Халат был разрисован васильками. Зинаида вспомнила, что привезла полевых цветов, которые они нарвали с Вовкой по дороге на станцию. Ею овладело настроение хозяйки, провожающей гостей. На стол собрали, вино откуда-то сразу добыл Георгий Иванович.

– Так стыдно, Зиночка, так стыдно… Мы ж хотели потихоньку уехать, улизнуть. Всё – Римкин Предводитель, – проговорил он.

В прозвище «Римкин Предводитель» слышалось так много тайной страсти и подчинения новой жене! Сказал, что вызвал к дому такси. Римма приоделась в брючный костюм ядовито-зелёного цвета. Зинаида сидела у стола рядом с поставленными на нём цветами, от которых веяло полем, мягким деревенским ветром, ягодами.

– Ну, раз уезжаете, – окончательно войдя в роль провожающей говорила она, – не забывайте, письма пишите… Не день знакомы были…
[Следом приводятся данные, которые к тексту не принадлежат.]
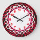 Une belle horloge pour ceux qui aiment les posters de animaux. . y compris les posters de animaux qui sont un peu plus insolites ! Une impression zébrée noire et rouge couvre la base de l'horloge, tandis que la face blanche est recouverte de couleurs qui se coordonnent bien avec l'impression - chiffres rouges, dentelle blanche, et anneaux de bordure rose/noir chaud.
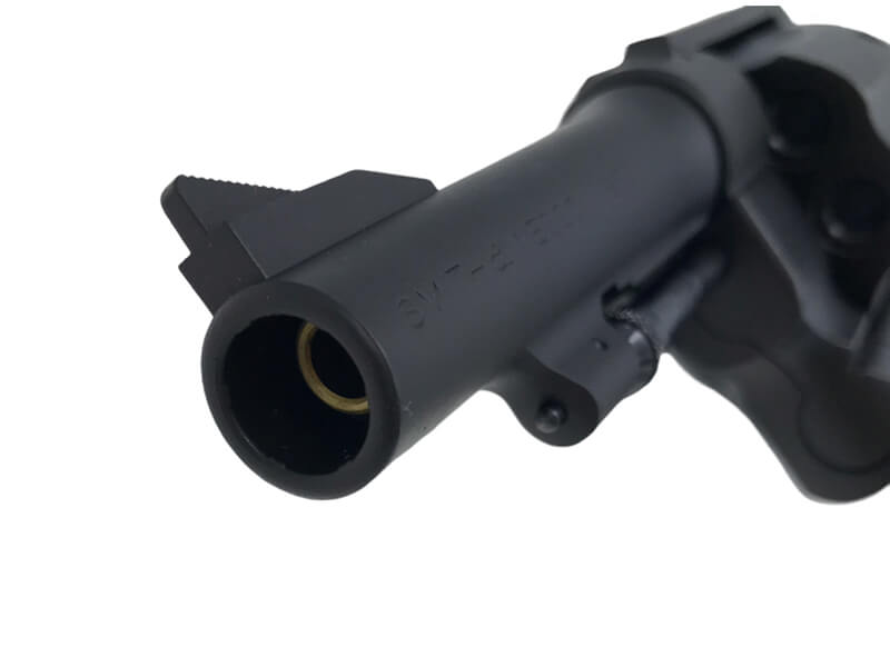 プロップの特徴である4インチに変更されたバレルに、チェッカーグリップとランヤードリングを装備します。

– Ты не осуждай меня, Зин, не осуждай. Сама понимаешь, молодая я, надо жизнь устраивать, – раскрасневшись от вина говорила Римма. – Не осуждаешь меня за то, что я сдала его? Вернёмся с деньгами, я и заберу его обратно. Заберу. Правда, Зина…

А когда Римка сидела в подошедшем к заказанному времени такси, а Георгий Иванович таскал их вещи, то Зинаиде стало так плохо, так горько! И когда он пришёл за вещами в последний раз, Зинаида вдруг кинулась к нему. Он резко остановился, обхватил её за плечи, прижал к себе, хлюпающим голосом прошептал:

– Прости, Зиночка… Такой человек, как ты… Зачем я теряю тебя, зачем…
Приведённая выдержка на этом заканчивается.